## Required action
Below are the records; repeat exactly their lines between the line holding "上裝配置:罐體容積為 12立" and the line holding "Inzwischen, seit die", inclusive, skipping the pictures.

## Task input
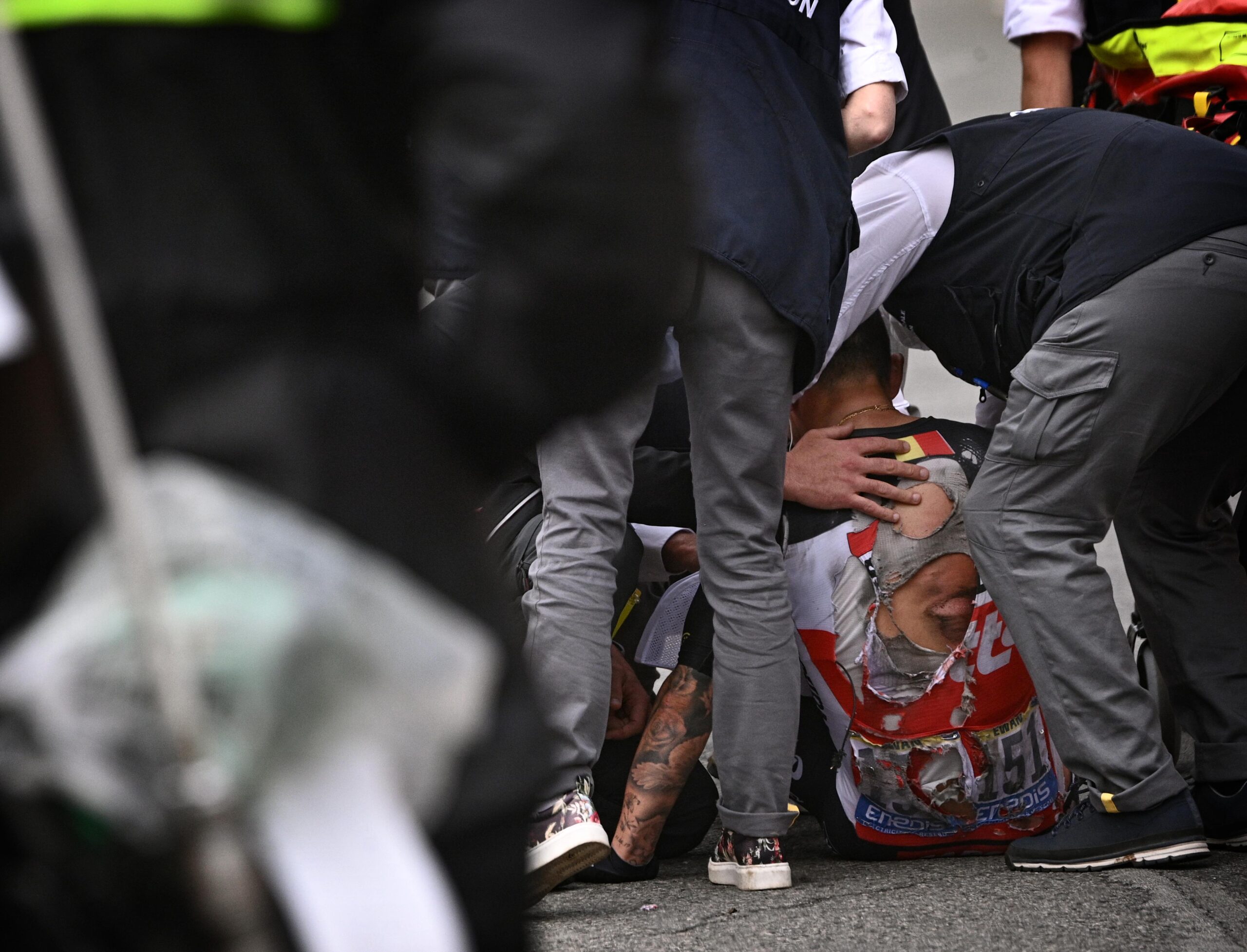 Neem Jumbo-Visma. Robert Gesink, hersenschudding, gebroken sleutelbeen, is uit koers, kopman Primoz Roglic viel opnieuw hard op de grond (trauma aan het staartbeen, zegt het medisch bulletin), net als Steven Kruijswijk en Tony Martin. De teambus werd een mini-hospitaal.
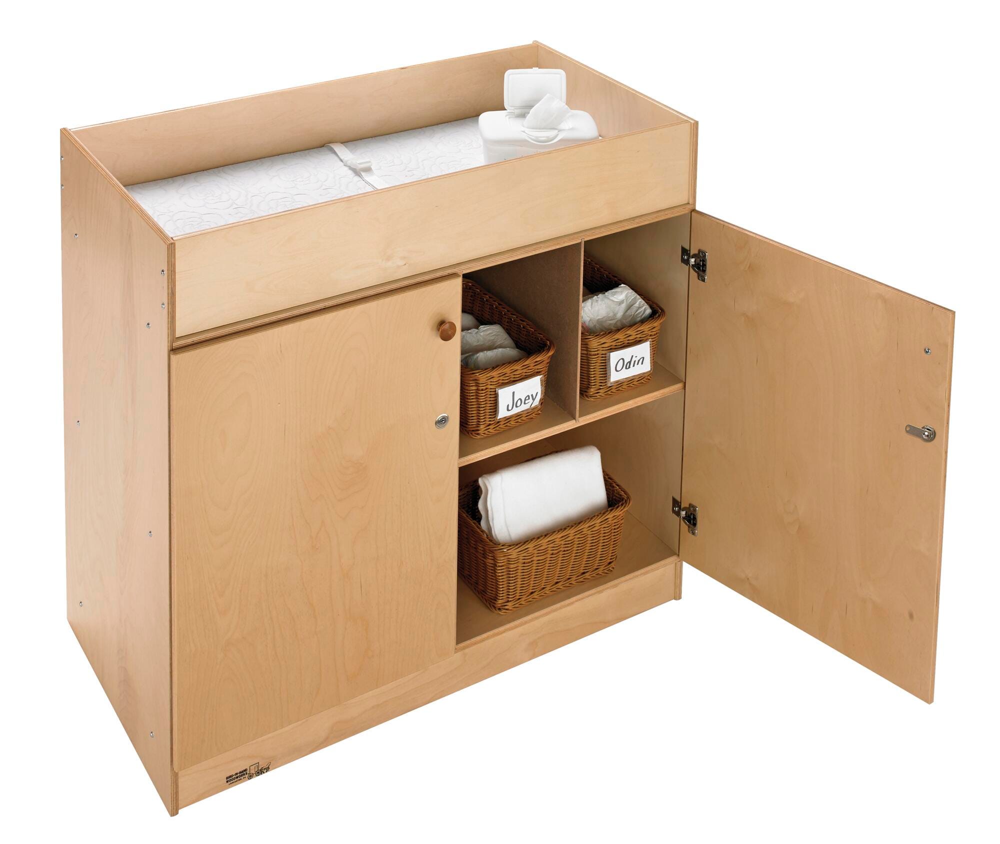 Childcraft® Changing Table with Locking Doors provides a safe and convenient diaper-changing solution with built-in storage for essential supplies. The spacious changing surface includes a comfortable, easy-to-clean 1-inch thick changing pad, while the double locking doors below keep wipes, diapers, and other necessities neatly stored yet easily accessible. Built-in dividers allow for organized storage, creating individual cubbies for different supplies or children’s items. Made from high-quality birch plywood with a durable UV-cured acrylic finish, this changing table is designed for long-lasting use. The unit measures 40 W x 20-3/4 D x 36 H inches.Features
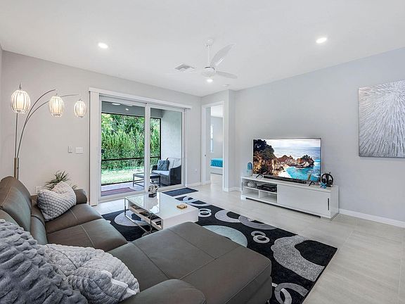 Experience tranquility with peaceful preserve views in this villa located in the gated community of Enbrook, brimming with resort-style amenities. The expansive living area, adorned with modern ceiling fans and lighting, flows seamlessly into a stunning kitchen featuring beautiful quartz countertops, upgraded white and gray cabinetry with convenient pull-out drawers, and sleek stainless steel appliances. Elongated white tile flooring extends throughout the home, while the den offers a custom built-in desk and storage for work or hobbies. Indulge in the spa-like bathrooms, showcasing a glass-enclosed shower in the primary bath and light, neutral tile. Step outside to your private brick-paved lanai, a serene retreat to unwind and enjoy nature's beauty. Within the Enbrook community, you'll discover a resort-style pool, a welcoming community room, a billiards room, and a state-of-the-art fitness center. Stay active with pickleball, tennis, and bocce courts, all included in the low HOA fees. This is more than a home; it's a lifestyle!
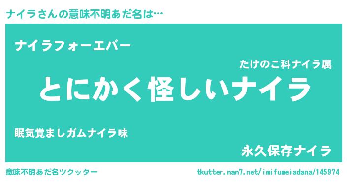 | ヒーロー風カッコイイあだ名 | 『黄金騎士ナイ』『ウルトラナイラマン』 |
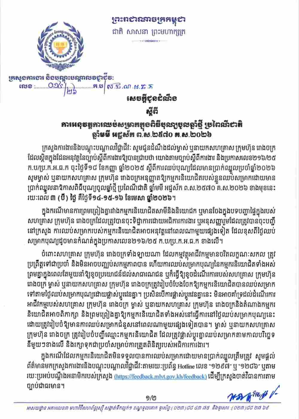 柬埔寨劳工部官宣:2026 柬新年享三天带薪假期
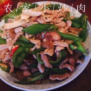 锅热好,加入一点点油,加入肥肉,把肥肉的油煎出2/3,加入瘦肉,翻炒,加入盐,蚝油,一半蒜子,翻炒,炒至肉熟,出锅!锅内剩的油用来炒辣椒啦~
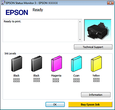 Μπορείτε να αποκτήσετε πρόσβαση στις Οδηγίες χρήστη από την εφαρμογή EPSON Status Monitor 3. Αν αντιμετωπίσετε πρόβλημα, κάντε κλικ στην επιλογή Technical Support (Τεχνική υποστήριξη) στο παράθυρο EPSON Status Monitor 3. Για Mac OS XΧρήση του EPSON StatusMonitor.Αν η εφαρμογή EPSON StatusMonitor ανιχνεύσει κάποιο πρόβλημα στον εκτυπωτή, θα σας ενημερώσει με μήνυμα σφάλματος.
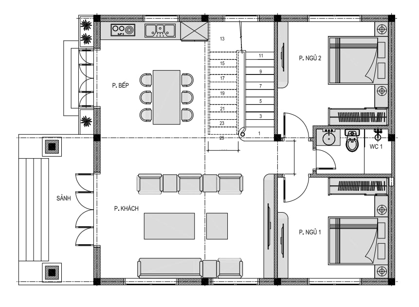 + Tầng 1: Phòng khách + Phòng bếp ăn + 2 Phòng ngủ + 1 WC
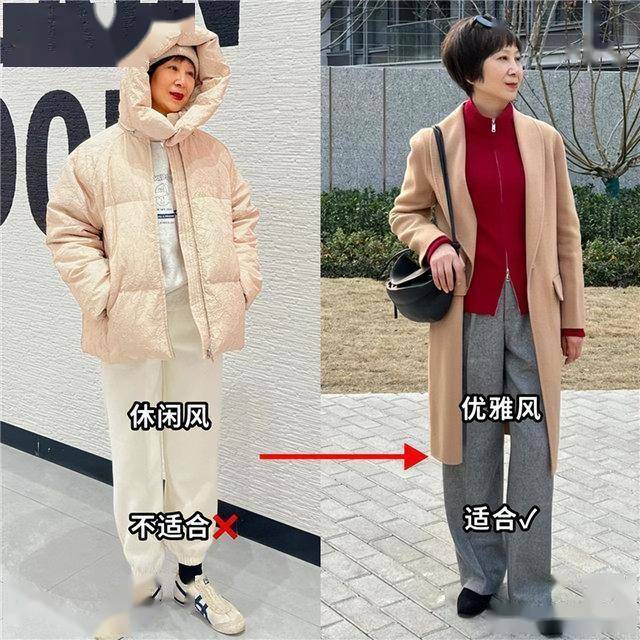 中年女人和年轻女孩相比,除了皮肤和面部的差异,身材也是有差异的,大部分中年女人都有身材发福的问题,照搬年轻人的穿搭,往往会穿出不同的效果,比如年轻人穿面包服搭配阔腿裤是松弛感,而中年女人这么穿就会有虎背熊腰的既视感。
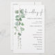 Programa de Casamento de Script Eucalyptus de Orçamento. Tamanho de 5,5" x 8,5" a um preço orçamentário, as folhas Elegante de cor d'água eucalipto estão em cada lado a partir do topo. O cabeçalho principal está em um script na moda set e o resto do texto que você pode personalizar facilmente. Se precisar de assistência para a edição deste design, por favor, envie-me uma mensagem.
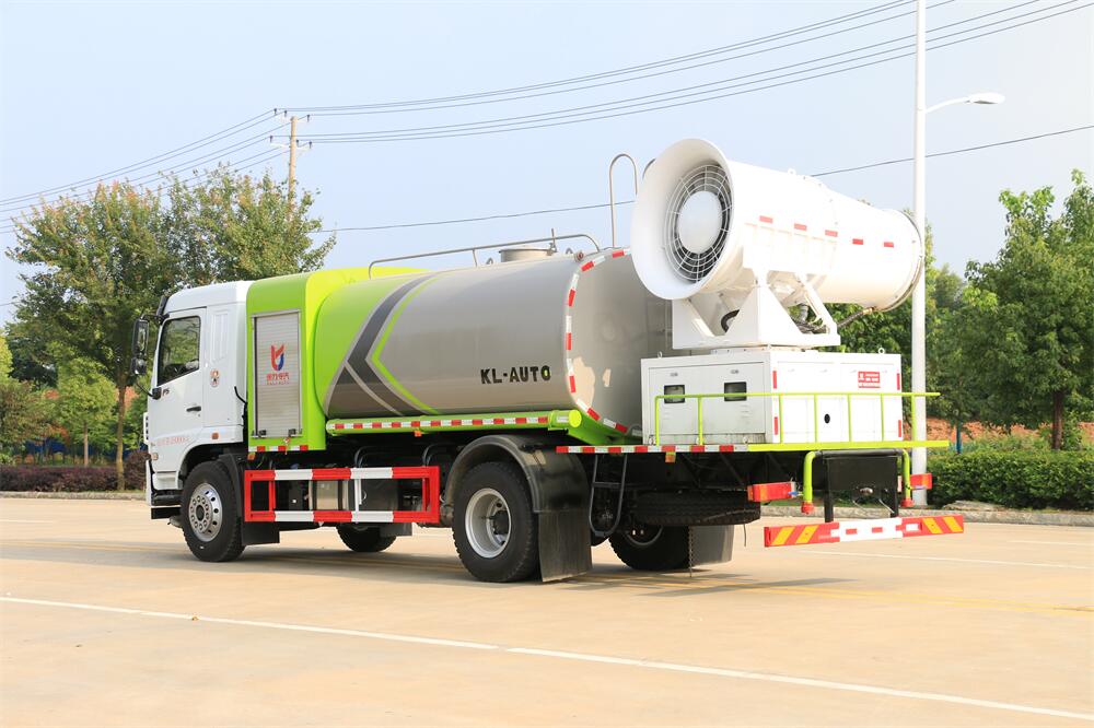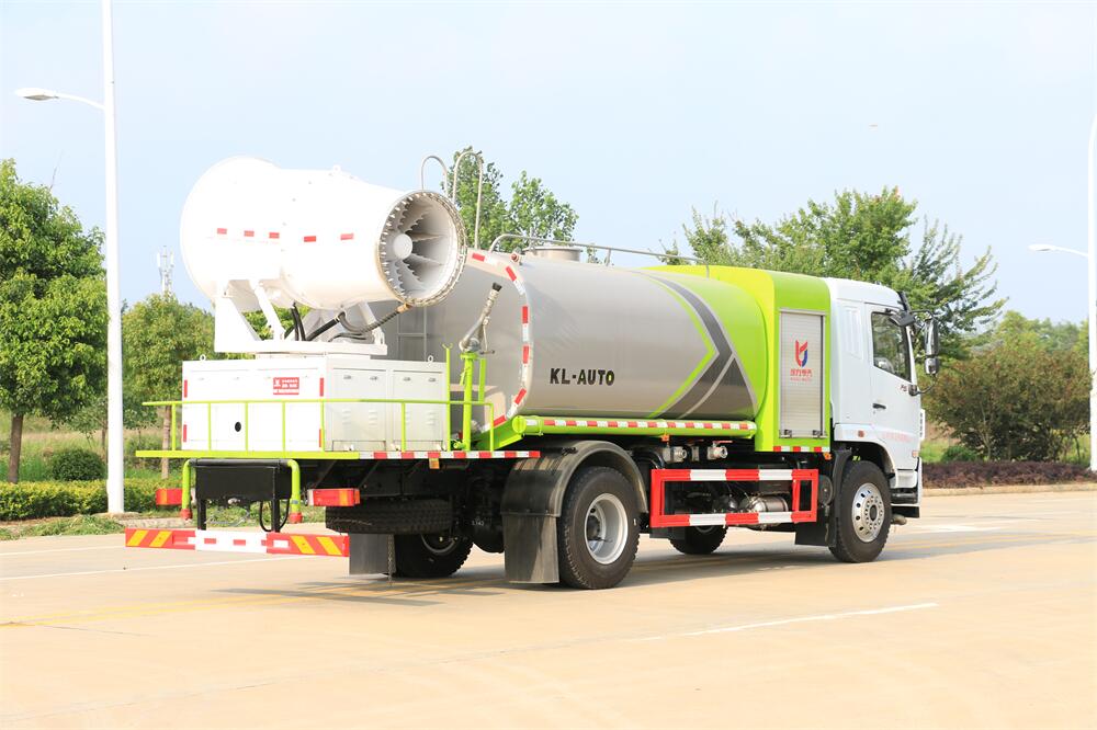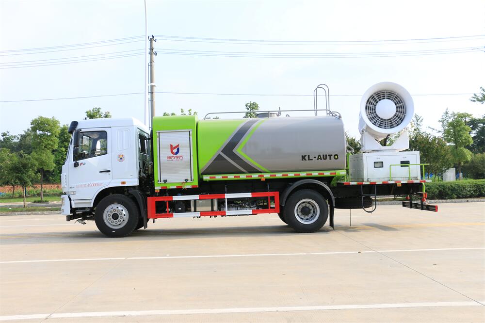 上裝配置:罐體容積為 12立方,選配風(fēng)送式霧炮機(jī)組射程30米、40米、50米、60米、80米、100米、120米霧炮,罐體鋼板為4mm碳鋼Q235材質(zhì),罐內(nèi)隔板具有防波作用,以減輕汽車行駛時(shí)罐體液體沖擊,罐體及整車外形尺寸按照公告。帶大功率專用灑水泵,泵可自吸自排,整車前沖、后灑、側(cè)噴、帶65消防接口,后平臺(tái)配CLW-50、CLW-60、CLW-80、CLW-100、CLW-120型風(fēng)送式霧炮機(jī)組;罐體前封頭配大功率柴油發(fā)電機(jī)組;前封頭帶水位計(jì),后平臺(tái)主管路帶1寸澆花接口,后爬梯。帶兩根輸水管及陰陽端。罐體顏色:銀/灰/綠,罐體兩側(cè)噴“多功能抑塵車”字樣,貼反光標(biāo)示。
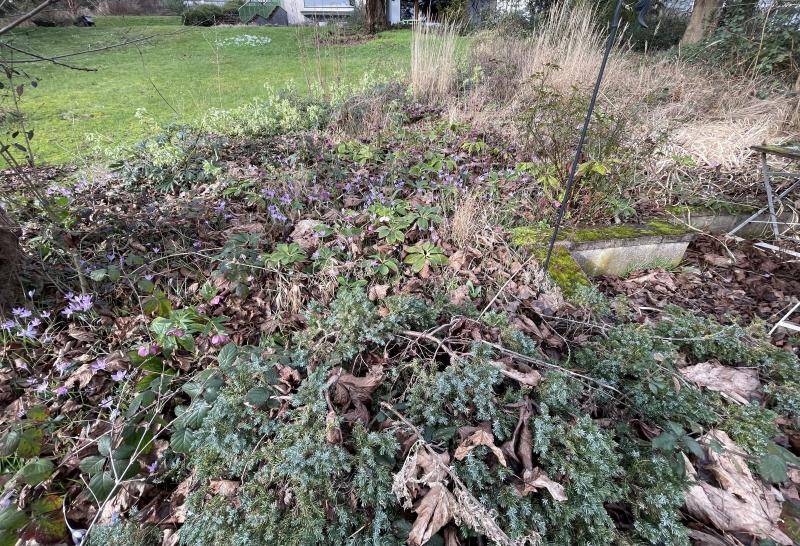 Inzwischen, seit die Winter so kurz geworden sind hab ich den Räumschnitt weitgehend auf den Herbst verlegt. Wenn im Januar schon überall die Geophyten durchtreiben ist es zu spät fürs Abräumen. Jetzt vor allem Rosen- (eigentlich noch zu früh) und Gräserschnitt, die wegen Winteraspekt stehengelassen wurden. Und natürlich Laub. Winterschutz bleibt noch drauf.
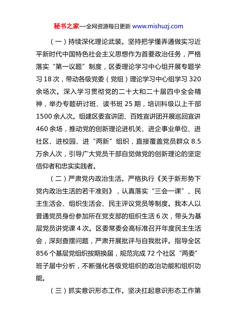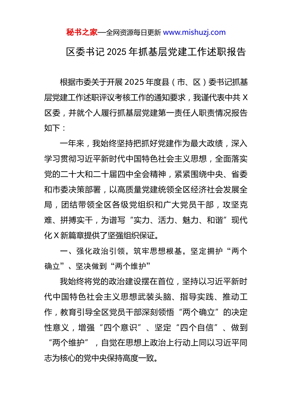 秘书之家—全网资源每日更新 www.mishuzj.com区委书记 2025 年抓基层党建工作述职报告 根据市委关于开展 2025 年度县(市、区)委书记抓基层党建工作述职评议考核工作的通知要求,我谨代表中共 X区委,并就个人履行抓基层党建第一责任人职责情况报告如下:一年来,我始终坚持把抓好党建作为最大政绩,深入学习贯彻习近平新时代中国特色社会主义思想,全面落实党的二十大和二十届四中全会精神,紧紧围绕中央、省委和市委决策部署,以高质量党建统领全区经济社会发展全局,团结带领全区各级党组织和广大党员干部,攻坚克难、拼搏实干,为谱写“实力、活力、魅力、和谐”现代化 X 新篇章提供了坚强组织保证。一、强化政治引领,筑牢思想根基,坚定拥护“两个确立”、坚决做到“两个维护”我始终将党的政治建设摆在首位,坚持以习近平新时代中国特色社会主义思想武装头脑、指导实践、推动工作,教育引导全区党员干部深刻领悟“两个确立”的决定性意义,增强“四个意识”、坚定“四个自信”、做到“两个维护”,自觉在思想上政治上行动上同以习近平同志为核心的党中央保持高度一致。秘书之家—全网资源每日更新 www.mishuzj.com(一)持续深化理论武装。坚持把学懂弄通做实习近平新时代中国特色社会主义思想作为首要政治任务,严格落实“第一议题”制度,区委理论学习中心组开展专题学习 18 次,带动各级党委(党组)理论学习中心组学习 320余场次。深入学习贯彻党的二十大和二十届四中全会精神,举办专题研讨班、读书班 25 期,培训科级以上干部1500 余人次。组建区委宣讲团、百姓宣讲团开展巡回宣讲460 余场,推动党的创新理论进机关、进企事业单位、进社区、进校园、进“两新”组织,直接覆盖党员群众 8.5万余人次,引导广大党员干部自觉做党的创新理论的坚定信仰者和忠实实践者。(二)严肃党内政治生活。严格执行《关于新形势下党内政治生活的若干准则》,认真落实“三会一课”、民主生活会、组织生活会、民主评议党员等制度。我本人以普通党员身份参加所在党支部的组织生活 6 次,带头为基层党员讲党课 4 次。区委常委会高标准召开年度民主生活会,深刻查摆问题,严肃开展批评与自我批评。指导全区856 个基层党组织按期换届,规范完成 72 个社区“两委”班子届中分析,不断强化各级党组织的政治功能和组织功能。(三)抓实意识形态工作。坚决扛起意识形态工作第秘书之家—全网资源每日更新 www.mishuzj.com一责任人责任,主持召开区委常委会会议、意识形态工作领导小组会议专题研究意识形态工作 6 次。健全意识形态领域风险分析研判机制,加强对各类阵地的管理,稳妥处置网络舆情 130 余起。围绕区委中心工作,组织开展系列主题宣传报道,在中央和省级主流媒体刊发稿件 320 余篇,持续讲好 X 故事,传播 X 声音。牢牢掌握意识形态工作领导权、主动权、话语权,确保全区意识形态领域安全可控、向上向好。二、夯实基层基础,建强战斗堡垒,全面提升基层党组织组织力我牢固树立大抓基层的鲜明导向,坚持人往基层走、钱往基层投、政策往基层倾斜,着力解决基层党建“最后一公里”问题,推动基层党组织全面进步、全面过硬。(一)持续推进基层党建“三化”建设。在巩固“五化”工程成果基础上,全面落实基层党建标准化、规范化、信息化“三化”建设要求。在组织设置方面,优化调整网格党支部 89 个,在产业链、项目一线新建党支部 12个。在领导班子建设方面,选优配强社区党组织书记 15名,对 32 个软弱涣散基层党组织进行精准整顿,目前均已转化提升。在经费保障方面,2025 年区级财政投入基层党建工作经费达 1.35 亿元,社区党建工作经费稳定在 5 万元秘书之家—全网资源每日更新 www.mishuzj.com以上/年,服务群众专项经费提升至 25 万元以上/年,有力保障了基层有序运转。在活动场所方面,通过国资调剂、改造提升等方式,新增和改善社区活动场所 8 处,全区社区办公服务场所面积 200 平方米以下的问题已全部解决。(二)深入实施“网格化”治理工程。深化“社区+网格管理”模式,将全区科学划分为 356 个综合网格,整合党...
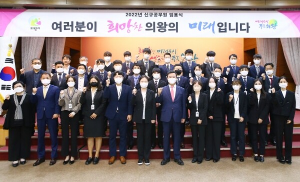 김성제 의왕시장은 “민선 8기 출범과 함께 다시 움직이기 시작한 발전 시계가 오늘 신규 공무원 임용으로 더욱 역동적으로 돌아가길 기대한다”며 “우리 의왕시가 명품도시로 도약할 수 있도록 항상 적극적이고 긍정적인 자세로 업무에 임해주길 바란다”고 당부했다.
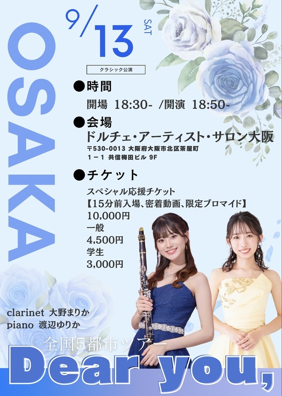 クラシック公演が開催されます。開場は18:30、開演は18:50です。出演者はクラリネットの大野まりかさんとピアノの渡辺ゆりかさんです。全国5都市ツアーの一環として行われます。チケットはスペシャル応援チケット(15分前入場、密着動画、限定ブロマイド)10,000円、一般4,500円、学生3,000円です。
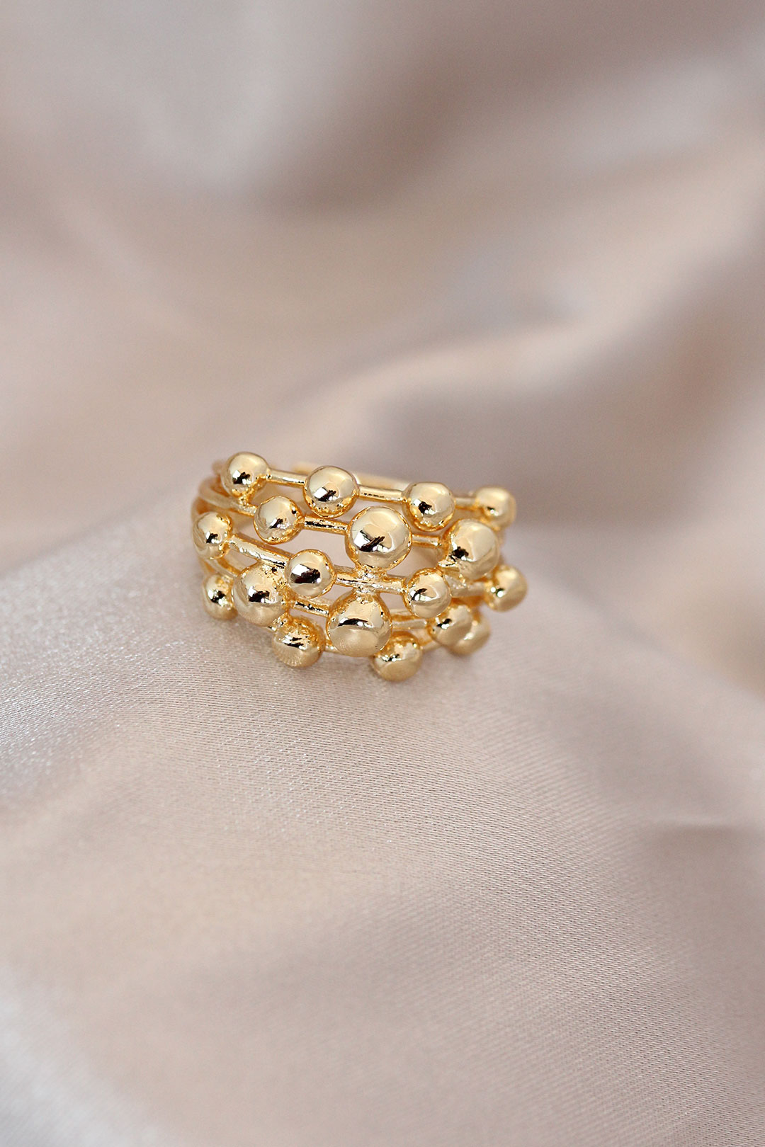 Ayarlamalı Gold Renk Metal Bombeli Boluncuk Model Yüzük

## Written response
 上裝配置:罐體容積為 12立方,選配風(fēng)送式霧炮機(jī)組射程30米、40米、50米、60米、80米、100米、120米霧炮,罐體鋼板為4mm碳鋼Q235材質(zhì),罐內(nèi)隔板具有防波作用,以減輕汽車行駛時(shí)罐體液體沖擊,罐體及整車外形尺寸按照公告。帶大功率專用灑水泵,泵可自吸自排,整車前沖、后灑、側(cè)噴、帶65消防接口,后平臺(tái)配CLW-50、CLW-60、CLW-80、CLW-100、CLW-120型風(fēng)送式霧炮機(jī)組;罐體前封頭配大功率柴油發(fā)電機(jī)組;前封頭帶水位計(jì),后平臺(tái)主管路帶1寸澆花接口,后爬梯。帶兩根輸水管及陰陽端。罐體顏色:銀/灰/綠,罐體兩側(cè)噴“多功能抑塵車”字樣,貼反光標(biāo)示。
 Inzwischen, seit die Winter so kurz geworden sind hab ich den Räumschnitt weitgehend auf den Herbst verlegt. Wenn im Januar schon überall die Geophyten durchtreiben ist es zu spät fürs Abräumen. Jetzt vor allem Rosen- (eigentlich noch zu früh) und Gräserschnitt, die wegen Winteraspekt stehengelassen wurden. Und natürlich Laub. Winterschutz bleibt noch drauf.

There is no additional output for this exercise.